A positive accelerating voltage applied to grid 115 causes the electrons from the gun structure in tube neck 112 to accelerate along a first path, generally parallel with the tube screen 111. During traversal of this path, the beam is scanned by currents applied to deflection coils 113 in such a manner that the desired image is formed on grid 115. Reflector plate 116 has applied thereto a positive voltage which is lower than or negative with respect to the voltage applied to grid 115; while a final accelerating voltage, much higher than the voltage applied to grid 115 is applied to the screen 111. Grid 115 is made up of a small number of very fine wires, suflicient to establish the desired accelerating voltage along the first path, without interrupting a substantial portion of the electron beams. Accordingly, as the electron beam accelerates toward the grid 115, the greatest part of it passes through, whereupon it changes direction, as the reflector plate 116 is negative with respect to grid 115, and is accelerated along a second path toward the screen 111. It will be noted that electrons scanned toward the top of grid 115 (as viewed in FIGURE 12) along the path 118 are reflected along a second path 118a, to the top of screen 111. Beams following the path 119 to the center of grid 115 are reflected along a path 11% to the center of screen 111 while electrons deflected along path 120 are reflected from the lower end of grid 115 along path 120a to the lower portion of screen 111 The size and shape of grid 115 and reflector plate 116 are dependent on the shape, size and curvature of the target 111. As shown in the drawings, the grid and reflector plate may be round and slightly concave, in order to achieve the desired reflecting characteristics.

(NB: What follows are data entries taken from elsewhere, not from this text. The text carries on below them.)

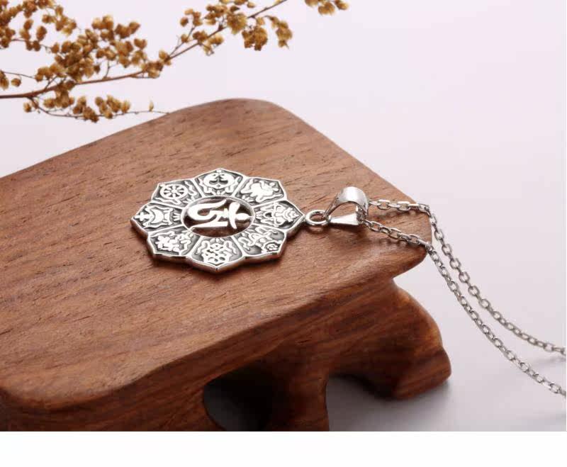 Original Hangings Eight Auspicious Pendant Eight-treasure Silver Decorated Seed Character Necklace
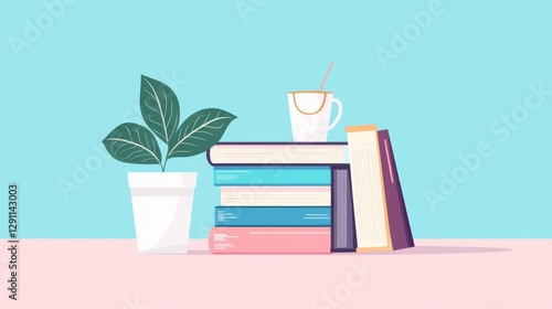 Modern workspace setup featuring stacked books, a green plant, and a cup with a straw, ideal for studying and boosting creativity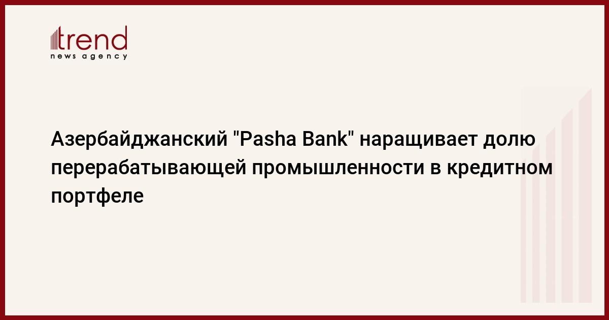 Кредитный портфель азербайджанского ОАО "Pasha Bank" вырос в первом полугодии на 17 процентов и достиг 331,69 миллиона манатов против 282,84 миллиона манатов на конец 2012 года.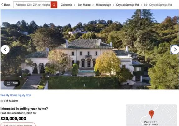 這座灣區(qū)豪宅在去年 12 月以 3000 萬美元的價(jià)格售出,占地 16000 平方英尺,有 7 間臥室、9 間浴室和一個(gè)游泳池。這塊土地是舊金山“最大的地塊之一”,其歷史可以追溯到 1912 年左右。

A shield 121, which may be a grid-like structure, is provided between the screen 111 of the tube and the first path of the electrons, between the deflection zone and the reflecting means 114, to prevent the high accelerating voltage applied to the screen from affecting the deflection operation.

In a tube with the cathode operated at about ground potential, reflector plate 116 has a positive voltage of the order of several hundred volts applied thereto. Grid 115 is operated within the range of one-half to two-thirds of the ultor or screen voltage which may be of the order of 15,00020,000 volts. This isolating grid structure 121 is operated at ground, or a low positive potential.

I claim:

1. A beam deflection device, comprising: a beam source; target means for said beam; means for deflecting said beam in two dimensions to desired positions on said target means; means establishing a field condition for accelerating said beam toward said target means; and means modifying said field condition adjacent said deflecting means, the angle of incidence of said beam on the lines of force of said field being at least 90 throughout substantially the entire deflection range of said device.

2. A beam deflection device, comprising: a beam source; target means for said beam; means interposed between said source and target for deflecting said beam in two dimensions toward desired positions on said target means; means establishing a field condition for accelerating said beam toward said target means; and means interposed between said deflecting and target means for establishing a field boundary generally normal to the path of the deflected beam and adjacent said deflecting means, the angle of incidence of said beam on the lines of force at said field boundary being at least 90 throughout substantially the entire deflection range of said device.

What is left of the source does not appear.